Soledad

Yumi

Inspiró hondo. Cerró los ojos. Expiró. Sintió las duras tiras de lino de la empuñadura bajo sus dedos. Inspiró lentamente y expiró de nuevo. Antes de que pudiera abrir los ojos, sintió el aire moverse a su alrededor. Interpuso rápidamente el tensen frente a ella antes de que la katana de Asagi le asestara un corte mortal. El golpe arrancó un crujido de su maltrecho abanico, antes de que ella desviara la hoja y respondiera con una estocada.

Su maestra la detuvo con igual rapidez, y ambas se separaron. Entrenaban en el bosque, y parecía que la fauna había detenido su actividad para observarlas. El silencio parecía total, sólo roto por la respiración entrecortada de la samuraiko, que notaba el sonido de su corazón acelerado, zumbando en sus oídos. Una gota de sudor le recorrió el cuello y se perdió en las vendas que le sujetaban el pecho, ya empapadas. Inspiró de nuevo. Cerró los ojos. La nada. Nunca había sido buena en el arte del duelo, pero le gustaba el sonido del entrechocar de las espadas, le gustaba esquivar el acero. Le apasionaba unificar el sigilo del espionaje con la elegancia del  combate con katana. Sola, con la única compañía de su espíritu, enfrentada con lo que, al final, se convertía en una mera hoja afilada en lucha contra ella. No había rival, no había otra nada. Sólo ella, el acero, su respiración. El pálpito de su corazón en su pecho.

Abrió los ojos.
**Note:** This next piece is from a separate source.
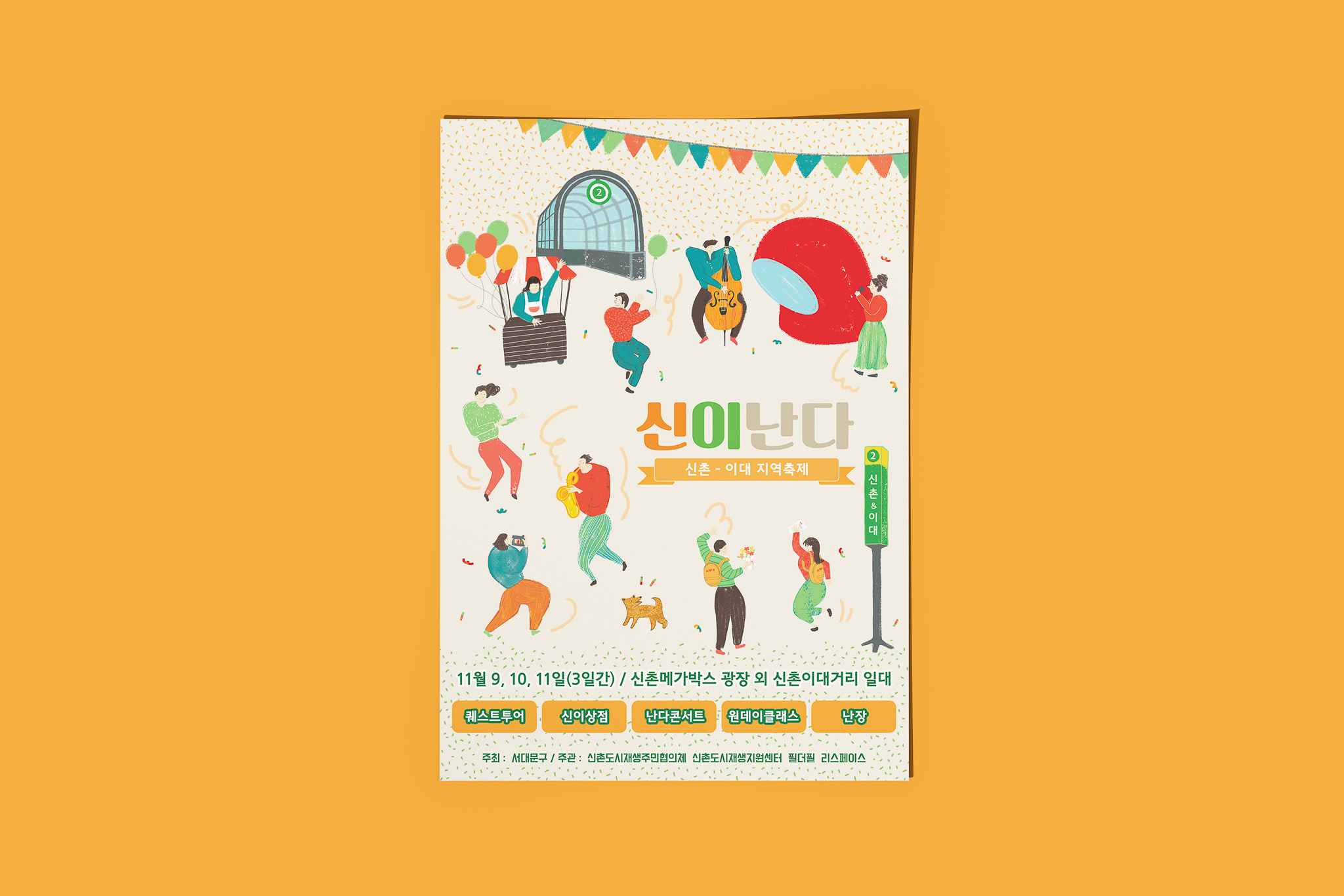 신촌-이대 지역 골목 활성화를 위해 기획한 주민 참여형 페스티벌입니다. 스탬프 투어, 원 데이 클래스 등 다양한 프로그램을 기획하고 운영했습니다. 지역 주민과 방문객 모두가 함께 어울릴 수 있도록 공연과 전시와 같은 문화 예술 컨텐츠를 제공하여 지역 활성화와 지역 문화 발전에 기여했습니다.

Asagi sonreía, mientras se recogía un mechón canoso de cabello suelto tras la oreja. Había abandonado la pose de batalla.
-Al fin lo has entendido.
Yumi se mantuvo en silencio.
-Cuando un samurái empuña una katana, no lucha contra un enemigo, sino contra sí mismo.
-Hai –respondió simplemente, ya que no sabía muy bien qué decir.
-Estás lista para tu gempukku, Yumi.
-…Hai –repitió.

De pronto, el bosque se volvió a llenar de sonidos, pero todos fueron amortiguados por el corazón palpitante de la joven, en una estruendosa alegría.